Aidiyet, mahkûmiyet değildir
Gündelik hayatın dönüşüme uğramasıyla büyük şehirlerin küçük aileleri ortaya çıktı; bunlara "modern aile" diyorlar. Küçücük evlerde yaşayan, tek çocuklu aileler veya boşanan anne-babanın birinde kalan tek çocuklar giderek çoğalıyor. Ebeveynler artık Batı ülkelerinde olduğu gibi çocuklarını disipline etmek yerine onları serbest bırakma yoluna gidiyorlar. Dizilerde ve sosyal medyada, geniş aile ve sülaleyi negatif gösteren içerikler giderek
çoğalıyor ve bu anlayışın yansımasını toplumda da görmeye başladık maalesef. Toplumu aile üzerinden deforme etmek için bir çaba harcandığını görmemek çok zor. Neticede ailevi ve toplumsal bir şuur oluşmuyorsa kişi nefsiyle baş başa kalır, hayvani cihetlerini tatmin peşinde koşmaya başlar ve çok kolay yönetilebilir hale gelir.
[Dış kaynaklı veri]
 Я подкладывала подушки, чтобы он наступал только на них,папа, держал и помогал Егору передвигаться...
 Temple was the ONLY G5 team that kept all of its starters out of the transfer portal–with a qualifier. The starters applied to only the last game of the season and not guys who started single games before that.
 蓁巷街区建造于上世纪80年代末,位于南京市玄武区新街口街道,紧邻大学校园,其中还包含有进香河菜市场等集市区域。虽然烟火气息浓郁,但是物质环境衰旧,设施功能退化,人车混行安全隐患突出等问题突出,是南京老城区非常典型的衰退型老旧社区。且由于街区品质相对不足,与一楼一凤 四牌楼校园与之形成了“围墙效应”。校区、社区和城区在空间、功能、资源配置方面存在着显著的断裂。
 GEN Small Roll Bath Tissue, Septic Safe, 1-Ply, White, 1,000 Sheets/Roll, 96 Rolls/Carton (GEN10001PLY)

Modern aileyi anlamaya çalışırken bir kere en başta "modern" kelimesini düşünelim. İnsaf ile bakarak bir etimoloji süzgeci koyarsak, modernlik bence şuurlu tarihselcilik anlamına geliyor.
Klasik zamanlardan gelen birtakım davranış biçimlerini, diğer bir ifadeyle inancı davranışlarla ifade etme biçimlerini, bütün etik değerlere riayet ederek bu zamanın şartlarına adapte etmek olarak anlıyorum ben modernliği. Bu anlayışta bir modernliğin de karşısında değilim. Ama, "zaman sana uymazsa sen zamana uy" diyerek hiçbir etik değeri muhafaza etmeden yapılan deformasyonlara da karşıyım. Söz konusu zaman, zamana yön verme gücüne sahip ama ahlaki erdemlerden uzak insanların oluşturduğu zamansa ben buna uymak durumunda değilim.
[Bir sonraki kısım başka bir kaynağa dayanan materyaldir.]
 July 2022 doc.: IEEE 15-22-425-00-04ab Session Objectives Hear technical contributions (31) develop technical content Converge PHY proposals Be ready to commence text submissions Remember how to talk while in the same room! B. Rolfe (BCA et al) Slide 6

İşte bütün bu meselelerin idrak edildiği ilk tatbikat sahası ailedir. Bu sebeple ailede yemekler mutlaka birlikte yenir. Akşamları sofraya oturduğumuzda o gün olup bitenler konuşulur, bu sebeple herkes orada olmalıdır. Aile disiplini ve aidiyeti bu anlamda çok mühimdir. Aidiyet deyince de yanlış anlamamak lazım çünkü aidiyet demek mahkûmiyet demek değildir, hürriyetlerin iptali anlamına gelmez. Aidiyet insana, hürriyetleri genişleyerek ama değer kaybetmeyerek yaşama imkânı sunan bir duygusal platformdur. Aidiyet hissi biraz da âdetlerden beslenir. Bu manada, vaktin nakdini verecek, günü yönetecek ve üretecek kapasitesi kalmayan âdetler de mümkünse restore edilmeli, değilse rafa kaldırılmalıdır.
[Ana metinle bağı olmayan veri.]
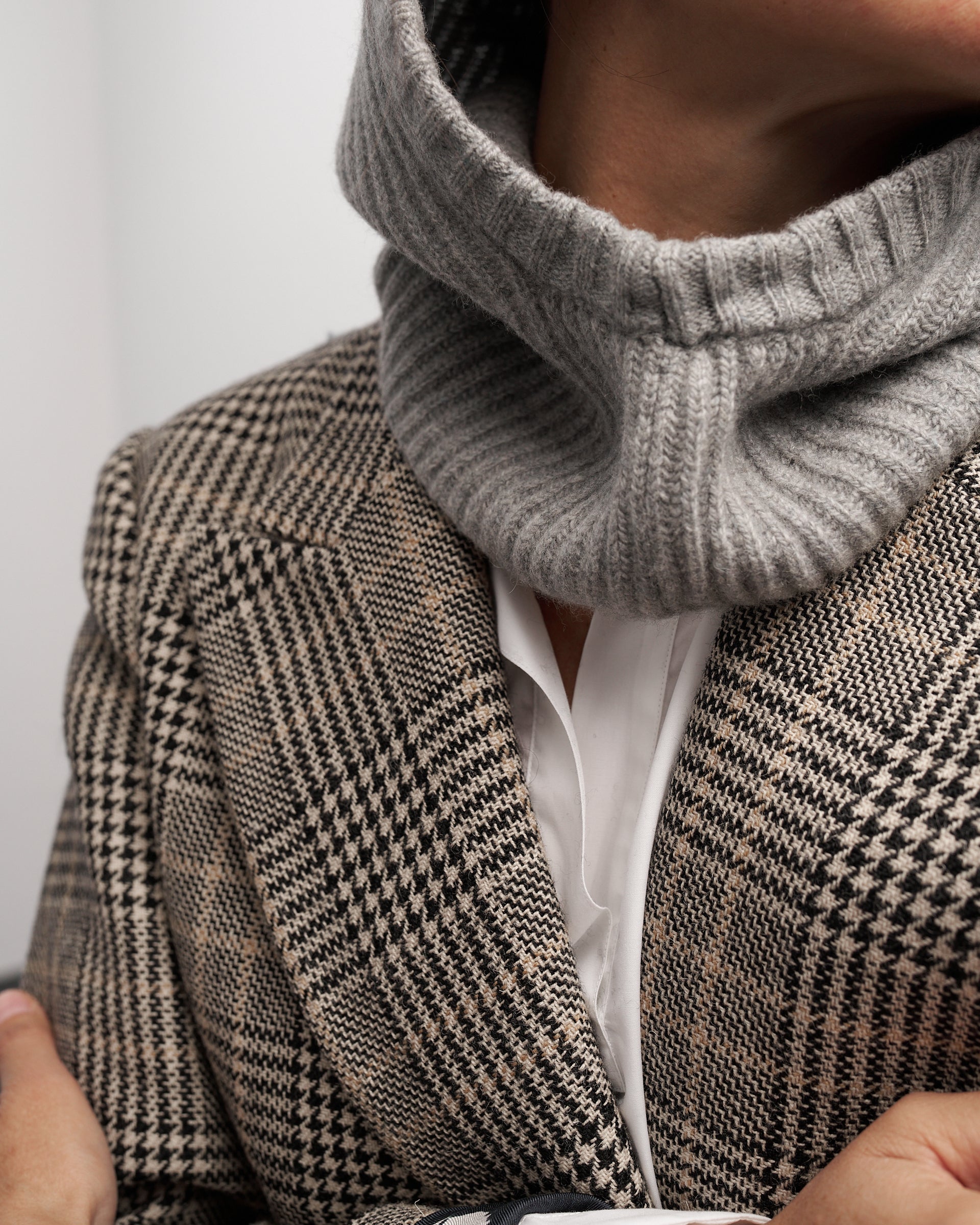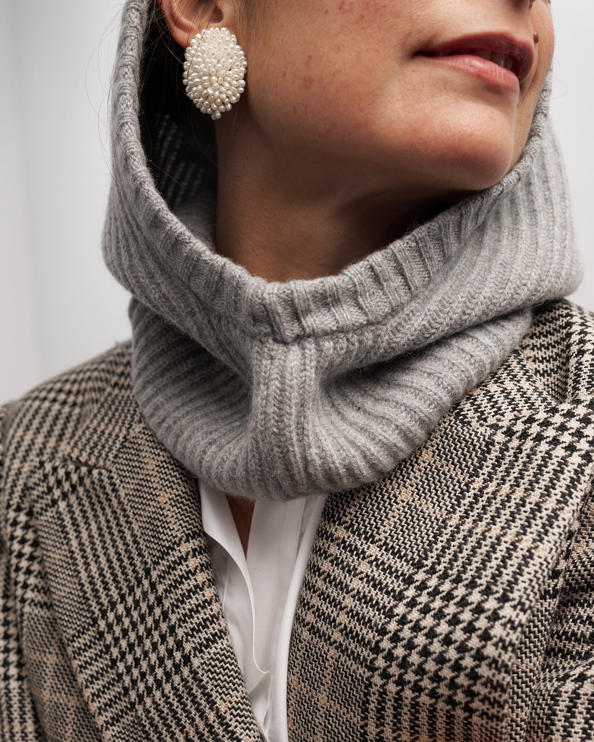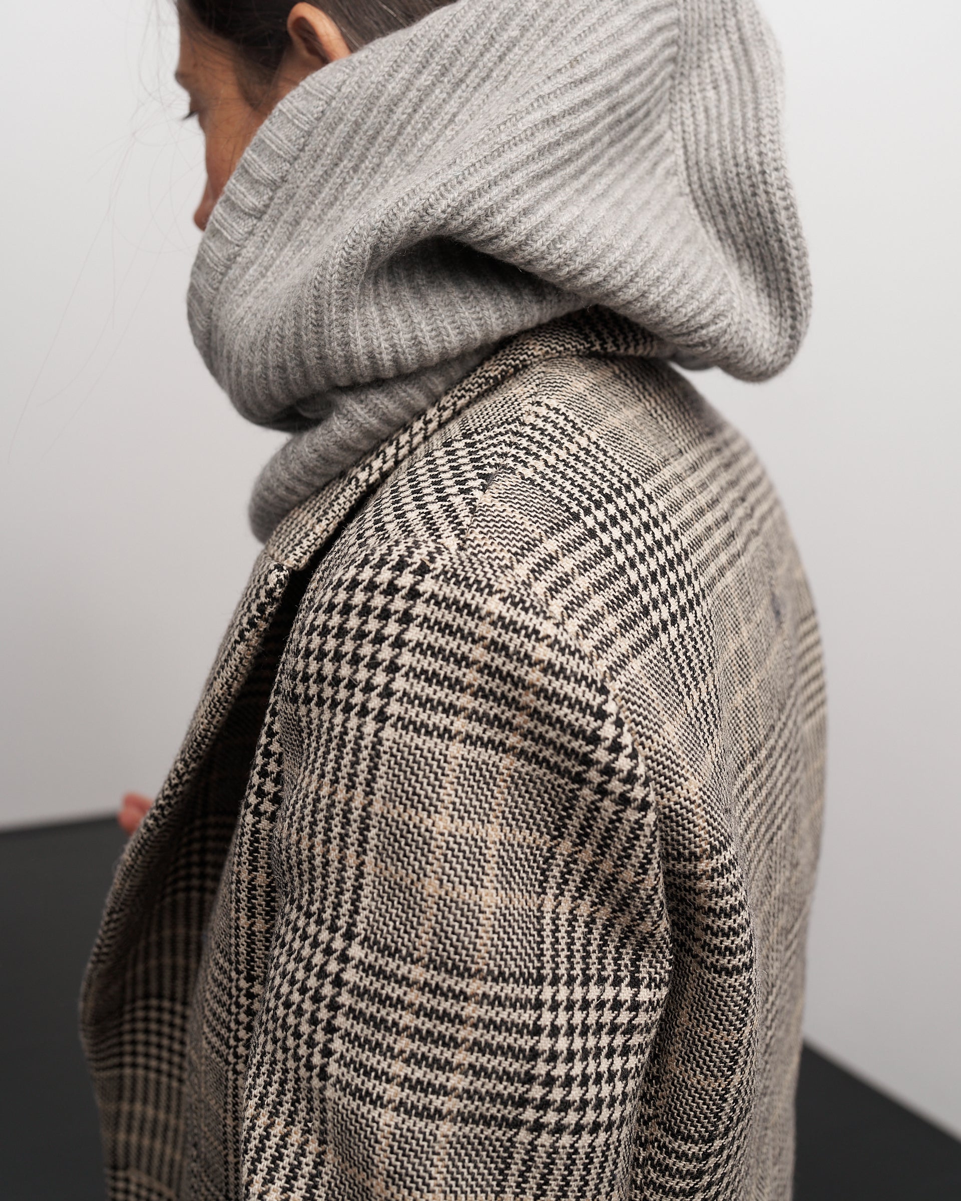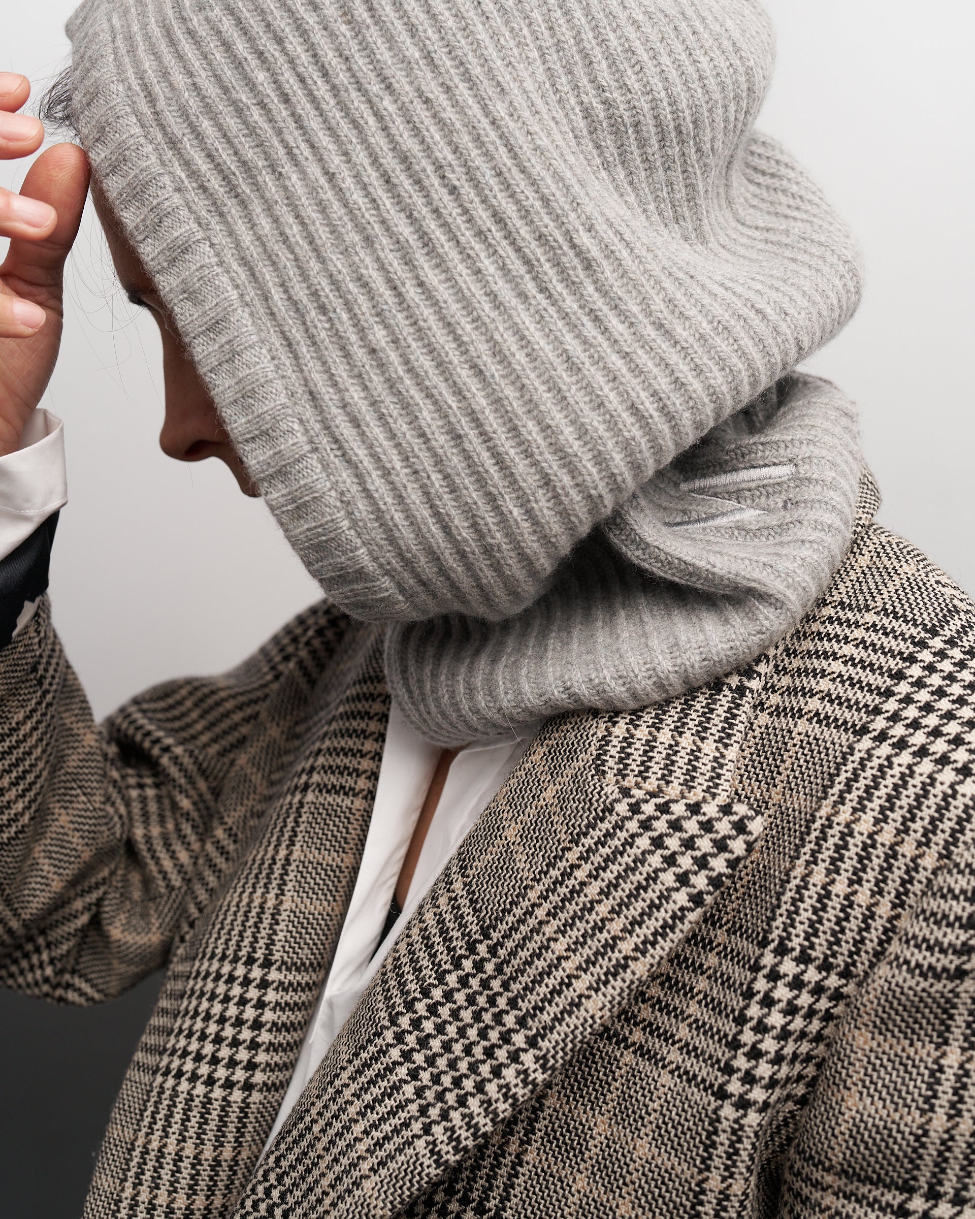 Il cappuccio unisex, realizzato in cachemire e lana rigenerati, è un accessorio sostenibile, originale e funzionale. Il design a tre pezzi rammagliati e il bordo in costa, lo rendono un capo caldo e confortevole, perfetto per le giornate più fredde.

Burada yeri gelmişken parantez içinde başka bir meseleden bahsetmek istiyorum. Âdetleri gerekiyorsa restore etme veya iptal etme zarureti tasavvuf kurumlarında da caridir. "Bu böyle gelmiş, böyle gider" anlayışı şe'nleri ve hayatı okumaya uygun bir bakış değildir ve "İkra" emrinin karşılığı da bu değildir. Eski dönemin şartları hurde-i tarîkin nasıl yaşanmasını icap ettiriyorsa öyle yaşanmış fakat bugün yapay zekâ çağında yaşıyoruz, zaman çok hızlı akıyor. Eski zamanların romantizminin keyfi içinde bugün yaşanamaz ki tasavvuf kurumları da keyif kesbetme mekânları değil, üretim yerleridir. Tarikatlar bu manada kreatif platformlardır.
Değişen değil tükenen anne-babalık
Son zamanlarda, anne ve baba rollerindeki değişim ve dönüşümden bahsediyorlar. Fakat ben değişim ve dönüşümden ziyade tükenen bir anne-babalık müşahede ediyorum. Bir baba ve anne, dede ve nine çocuk için mürşid ve mürşide olmalıdır. Geleneksel aile yapımızda roller çok daha netti;
anne evin içini idare ederken, baba dışarıda rızık temin ederken, bütün bu safhaları geçmiş olan ve kemal yolunda irfan kesbetmiş olan dede ve nine de evin çocuklarını muhafaza ederler ve çocukların mürebbileri olurlardı. Eski aile yapımız şablon olarak böyleydi. Zamanımızda, nohut oda bakla sofalarda artık böyle bir aile yapısı söz konusu değil. Eskiden mahallenin en fukarası bile beş odalı müstakil evlerde yaşardı.
Bugünün anne-babalarının hatta dede ve ninelerinin irfani yeterlilikleri maalesef çok zayıf. Aile kavramı ontolojik bağlamdan koparıldığında verimlilik beşeri seviyeye ve nefsaniyete düşer. Ontolojik bağlam da vahiy kanalıyla beslenmek demektir. Ahlaki değerler de vahiy kaynağından besleniyor. Kaynak vahiy olduğunda anne ve baba anlayışı değerli hale gelir. Evlat da o kültürel ortamda edindiği ahlak, edep, nefaset frekansı içinde büyümesiyle aile üyelerinin kıymetini daha doğru bilebilir. Aile, bu değerlerden vareste kaldığında sadece birkaç insan topluluğu haline gelir. Bugünün aile yapısı da bir anlamda insan topluluğu mesabesindedir ve bu yüzden de değişen anne-babalık yerine tükenen anne-babalık daha doğru bir kavramdır. Vahiy kaynaklı ahlaki değerlerden yoksun aileler de maalesef başarısız ve mutsuz Batı toplumunun aile anlayışına yakınlaşıyor.